** Assignment **
Nothing but the lines below from the one containing "このサイトは、音声技術部と映" through the one containing "model with a" should appear in the answer, exact and without pictures.

** Records provided **
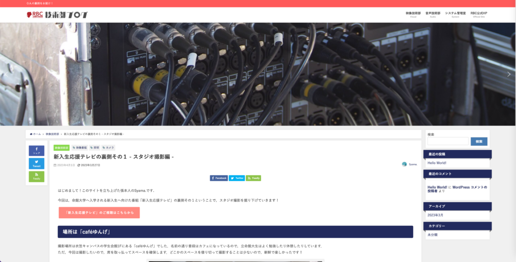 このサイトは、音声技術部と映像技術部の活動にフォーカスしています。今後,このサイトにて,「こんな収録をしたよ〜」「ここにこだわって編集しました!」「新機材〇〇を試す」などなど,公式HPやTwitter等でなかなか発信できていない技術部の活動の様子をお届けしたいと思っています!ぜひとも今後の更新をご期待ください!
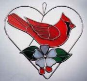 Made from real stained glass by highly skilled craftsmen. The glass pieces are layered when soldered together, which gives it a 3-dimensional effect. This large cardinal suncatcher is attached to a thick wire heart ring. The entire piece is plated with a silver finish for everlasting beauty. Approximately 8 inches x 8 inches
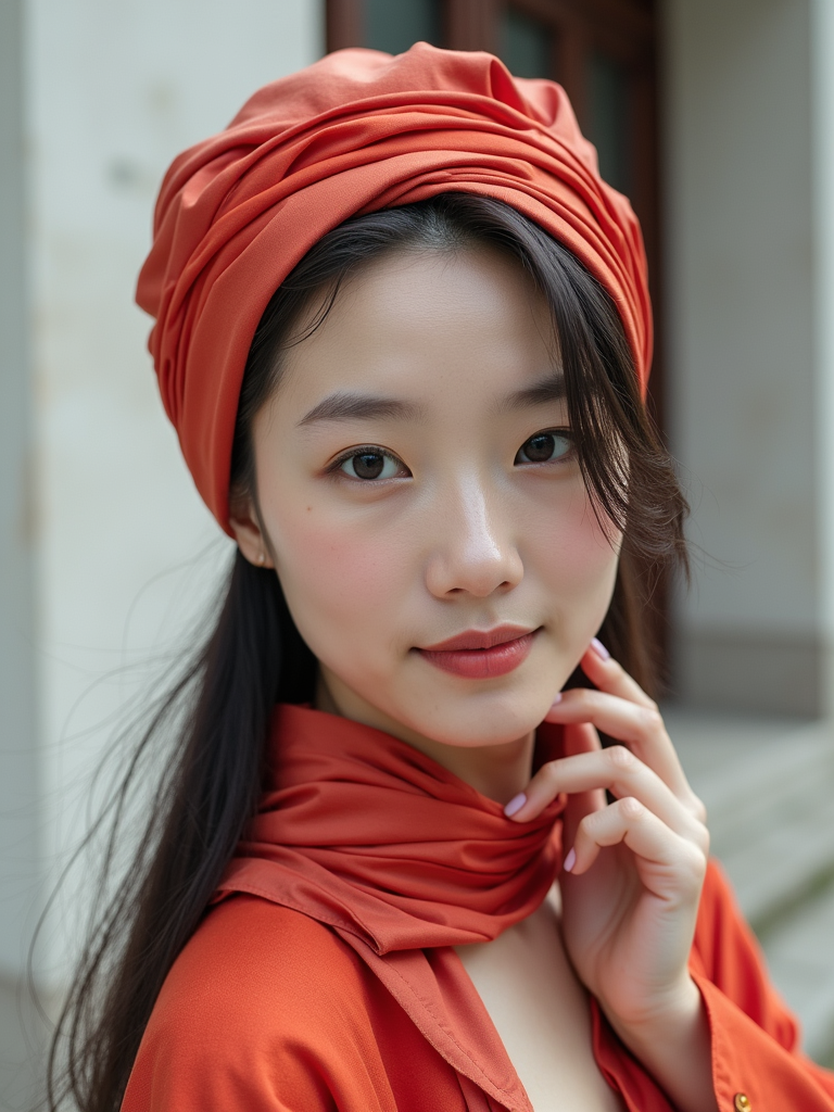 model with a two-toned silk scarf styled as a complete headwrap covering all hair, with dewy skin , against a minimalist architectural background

---

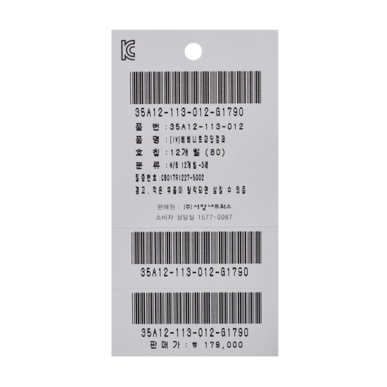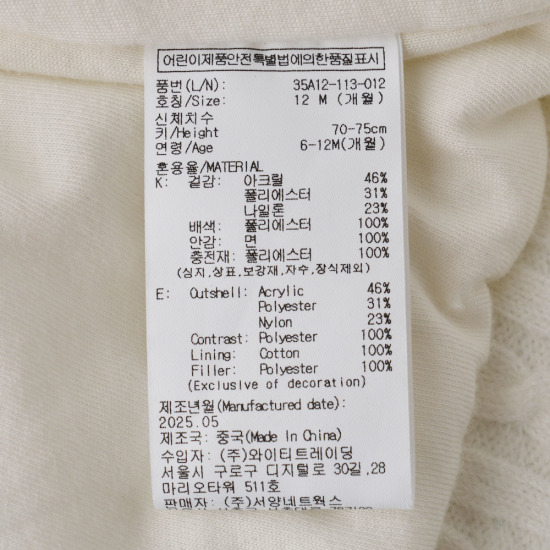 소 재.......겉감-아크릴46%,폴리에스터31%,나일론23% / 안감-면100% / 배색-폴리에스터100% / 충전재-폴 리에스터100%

** Exercise output **
 このサイトは、音声技術部と映像技術部の活動にフォーカスしています。今後,このサイトにて,「こんな収録をしたよ〜」「ここにこだわって編集しました!」「新機材〇〇を試す」などなど,公式HPやTwitter等でなかなか発信できていない技術部の活動の様子をお届けしたいと思っています!ぜひとも今後の更新をご期待ください!
 Made from real stained glass by highly skilled craftsmen. The glass pieces are layered when soldered together, which gives it a 3-dimensional effect. This large cardinal suncatcher is attached to a thick wire heart ring. The entire piece is plated with a silver finish for everlasting beauty. Approximately 8 inches x 8 inches
 model with a two-toned silk scarf styled as a complete headwrap covering all hair, with dewy skin , against a minimalist architectural background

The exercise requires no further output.